Mamma Mia!
Director: Phyllida Lloyd. Cast: Meryl Streep, Amanda Seyfried, Pierce Brosnan, Colin Firth, Stellan Skarsgård, Julie Walters, Christine Baranski, Dominic
Cooper, Rachel McDowall, Ashley Lilley, Philip Michael, Juan Pablo Di Pace, Niall Buggy. Screenplay: Catherine Johnson (based on the musical Mamma Mia!,
book by Catherine Johnson, score by Benny Andersson and Bjørn Ulvaeus).
Casting Meryl Streep in the
lead of Mamma Mia! is like asking a sommelier to host a CapriSun tasting. But, hey:
Meryl apparently wants to be there, I always like seeing her, and I'm not above a juice box. Enjoying Mamma Mia!, I naïvely figured, is all about throwing yourself into a certain
anti-nutritious abandon: poking your straw into this movie and sucking it down fast. Why resist?

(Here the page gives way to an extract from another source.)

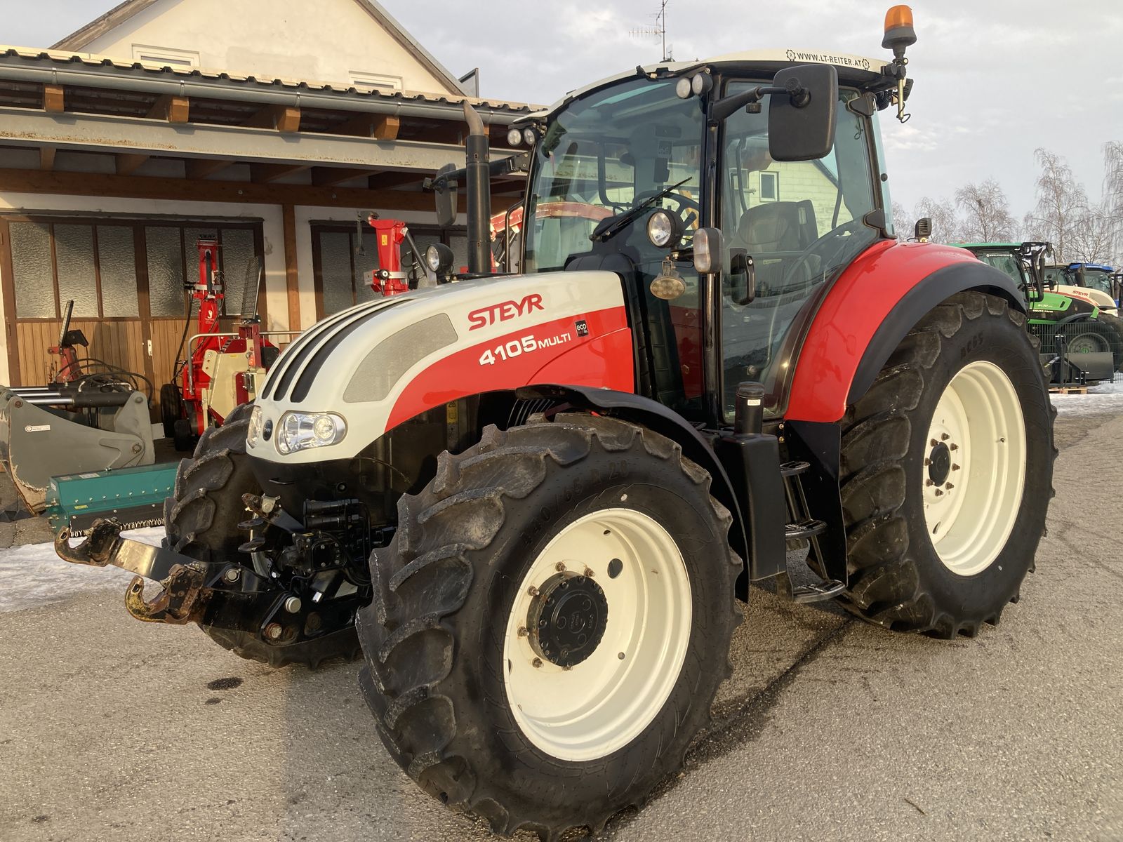 Steyr 4105 Multi Serie 2 Baujahr 2014 6833 Std. 32/32 Getriebe FH, 2 Leitungen nach vorne Druckluft 6 Steuergeräte (4 elektr. 2 mech) Ber. hinten: 540/65R38 Ber. vorne: 440/65R28 Klimaanlage Kabinenfederung Luftsitz Multicontroller Pickerl §57 neu anmeldefertig

I discovered quickly, though, that there is not much to resist, and even less to embrace. Mamma
Mia! is barely a film and certainly not a musical, no matter how many songs have been plied
into it. I've known people who take exception to films like Chicago
and Hairspray on the grounds that their Hollywood casts
aren't up to the demands of the stage-inspired choreography, and that the camerawork and
editing militate against a coherent expression of physical prowess and orchestrated movement.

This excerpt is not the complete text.